Chemical fingerprints of He-sdO stars

Markus Schindewolf / Peter Németh / Ulrich Heber / Tiara Battich
  • Instituto de Astrofísica de La Plata, CONICET-UNLP, Argentina; Facultad de Ciencias Astronómicas y Geofísicas, UNLP, La Plata, Argentina
  • Other articles by this author:
  • De Gruyter OnlineGoogle Scholar
/ Marcelo M. Miller Bertolami / Marilyn Latour
Published Online: 2018-02-28 | DOI: https://doi.org/10.1515/astro-2018-0010

Abstract

The chemical composition of helium-rich hot subluminous O stars plays an important role to understand and model their formation history. We present a spectroscopic analysis of four He-sdO stars,CD-31° 4800, [CW83] 0904- 02, LSS 1274 and LS IV +10° 9. The analysis is based on archival optical and UV high-resolution spectra. We used Tlusty200/Synspec48 to compute line blanketed non-LTE model atmospheres and their corresponding synthetic spectra and derive the atmospheric parameters as well as the abundances of the most prominent elements.
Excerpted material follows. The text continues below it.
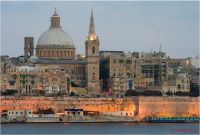 Die Hauptstadt Maltas, gesehen von der Promenade in Sliema aus. Wer die Gelegenheit hat, sollte sich den Anblick der beleuchteten Festungsmauern
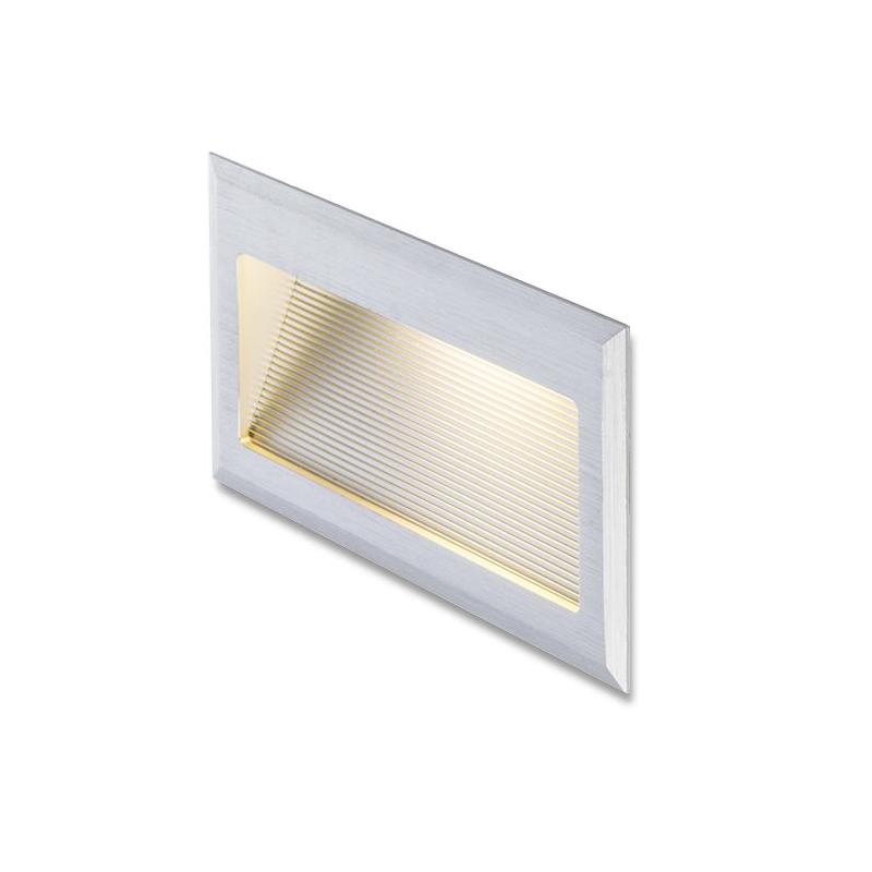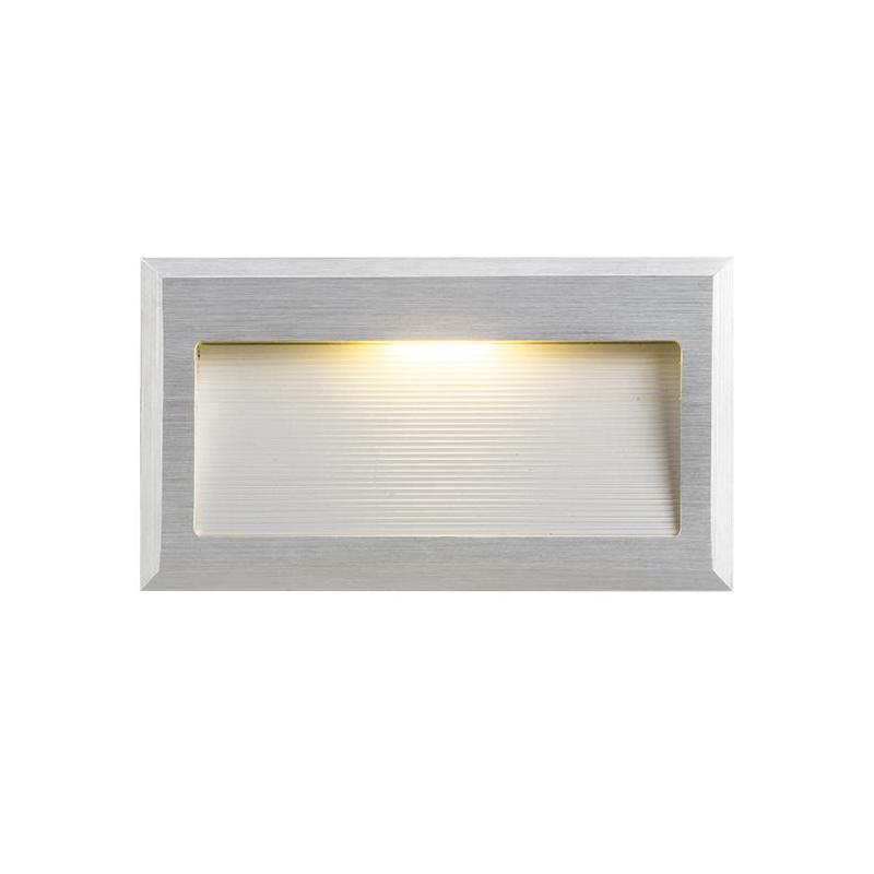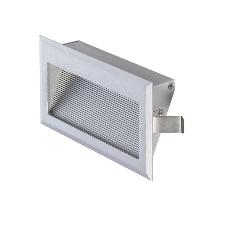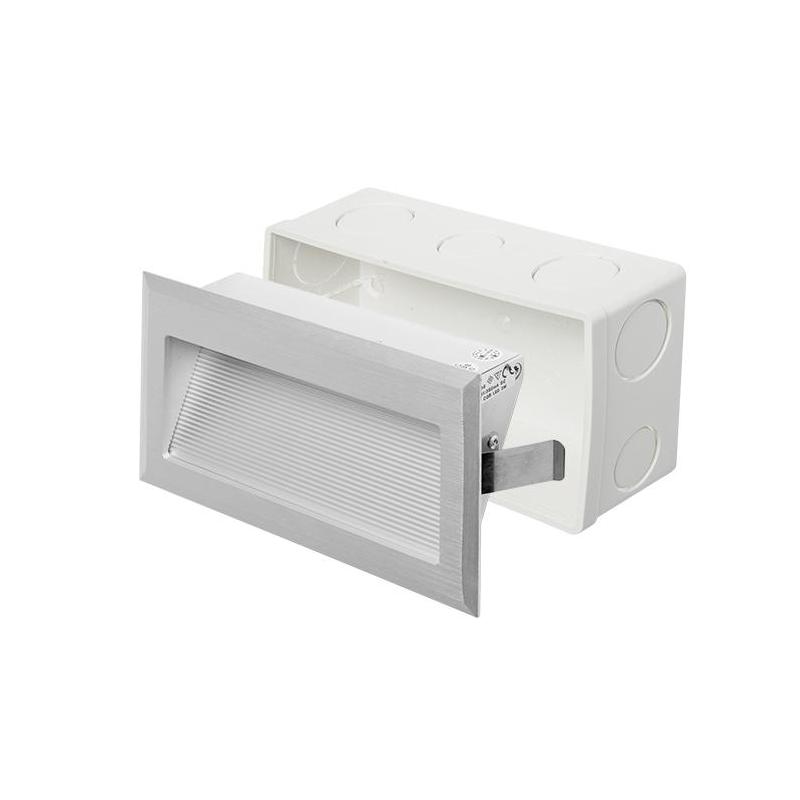Oprawa ścienna wpuszczana prostokątna z aluminium szczotkowanego z wbudowaną diodą COB LED. Grubość przedniej płyty wynosi 03 cm. Produkt jest dostarczany z puszką montażową. Tylko do połączenia szeregowego. Należy dokupić odpowiedni transformator.

All stars have helium-dominated atmospheres with hardly any hydrogen and temperatures between 42000 K and 47000 K while their surface gravity spans between log g = 5.4 and 5.7. CD-31° 4800 shows an enrichment of nitrogen and the characteristic pattern of hydrogen burning via the CNO-cycle, while the rest of the elements have about the solar abundance. This points to the slow merger of two helium white dwarfs as the most likely origin for this system. The other three stars are enriched in carbon, nitrogen and neon while their intermediate mass element’s abundance scatters around the solar value. They were possibly formed in the deep mixing late hot flasher scenario.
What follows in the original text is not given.